Florida Deceptive and Unfair Trade Practices Act: Given specific amendments to the FDUTPA to replace “consumer” with “person” in relevant provisions and otherwise clarify that businesses could bring suits, Heartland’s motion to dismiss on lack of standing grounds was denied.

Illinois Consumer Fraud and Deceptive Business Practices Act: Dismissed without prejudice for failure to adequately allege that Heartland intended plaintiffs to rely, since its statements weren’t directed to issuer banks. “Because issuers have no direct dealings with payment-card processors, it is implausible that Heartland intended statements in documents not directed to the Financial Institution Plaintiffs to be relied on by them or by any issuer banks. The master complaint conclusorily alleges reliance, insufficient to state a claim.” Moreover, nonconsumers must show that the conduct at issue implicates consumer protection concerns to sue under the law.

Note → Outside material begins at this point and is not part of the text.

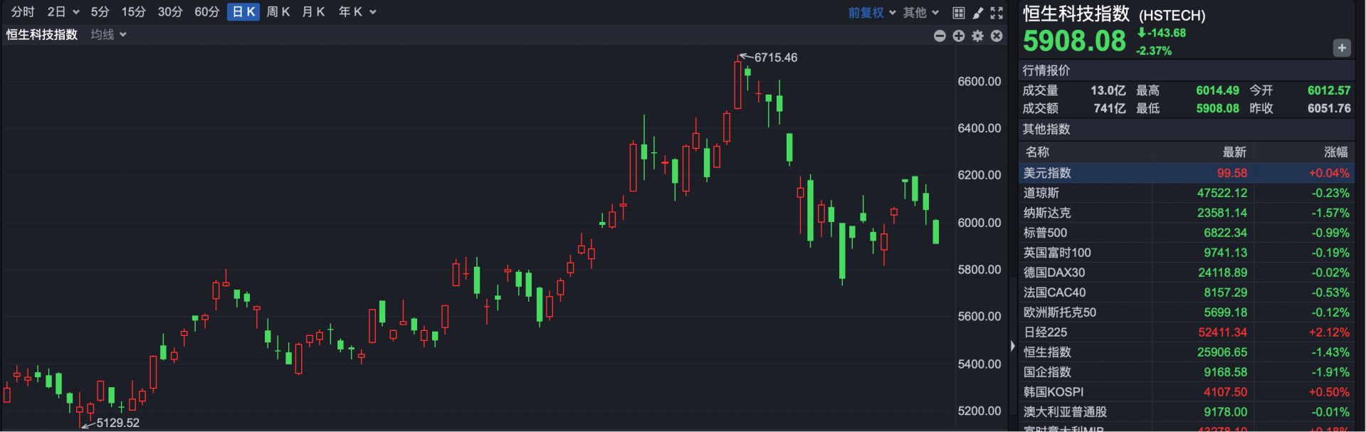 恒生科技指数报收于5908.08点,下跌143.68点,跌幅2.37%,10月累计下跌8.62%。

New York General Business Law §349: A consumer, for § 349 purposes, is one who purchases goods and services for personal, family or household use. Complex transactions involving sophisticated parties are not generally covered under the law, which requires a consumer-oriented act. Plaintiffs didn’t count as consumers, nor was the conduct consumer-oriented under NY law since the statements at issue were about services neither marketed nor offered to individual consumers. Claim dismissed with prejudice.

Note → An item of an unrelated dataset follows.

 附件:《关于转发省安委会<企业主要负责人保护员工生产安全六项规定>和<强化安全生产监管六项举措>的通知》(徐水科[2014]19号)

Texas Deceptive Trade Practices-Consumer Protection Act: Dismissed with leave to amend because of conclusory allegations of reliance. The court didn’t rule on Heartland’s argument that the complaint failed to allege that Lone Star National Bank, the only Texas plaintiff, has less than $25 million in assets, as required to satisfy the state definition of “consumer.”

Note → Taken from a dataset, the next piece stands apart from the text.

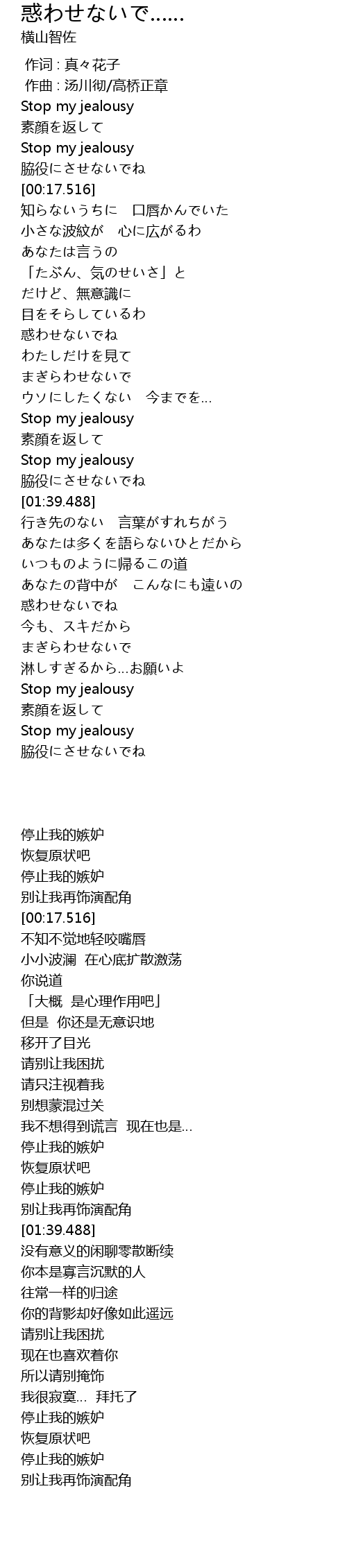 | [00:00.405] | Stop my jealousy |

Washington Consumer Protection Act: The state law requires an effect on the public interest, which means a likelihood that additional people have been or will be injured in the same fashion. Courts consider several factors, including whether defendants advertised to the public in general and whether the parties occupied unequal bargaining positions. The court found that the complaint failed to allege sufficient facts suggesting that the claim here affected the public interest. “The only group likely to be injured in the same fashion—incurring expenses for replacement cards and fraudulent transactions—consists of other issuer banks. Such a group is both too small and too specialized to constitute a substantial portion of the public.” Plus, they had sufficient sophistication to remove them from the class subject to exploitation.

“The master complaint vaguely alleges that Heartland intended its statements to lull the public into believing that its data security was better than it actually was. That allegation is insufficient to show that a dispute between sophisticated banks that issue payment cards and the company hired by other banks to process payments for merchants affects the public interest.” Claim dismissed with prejudice.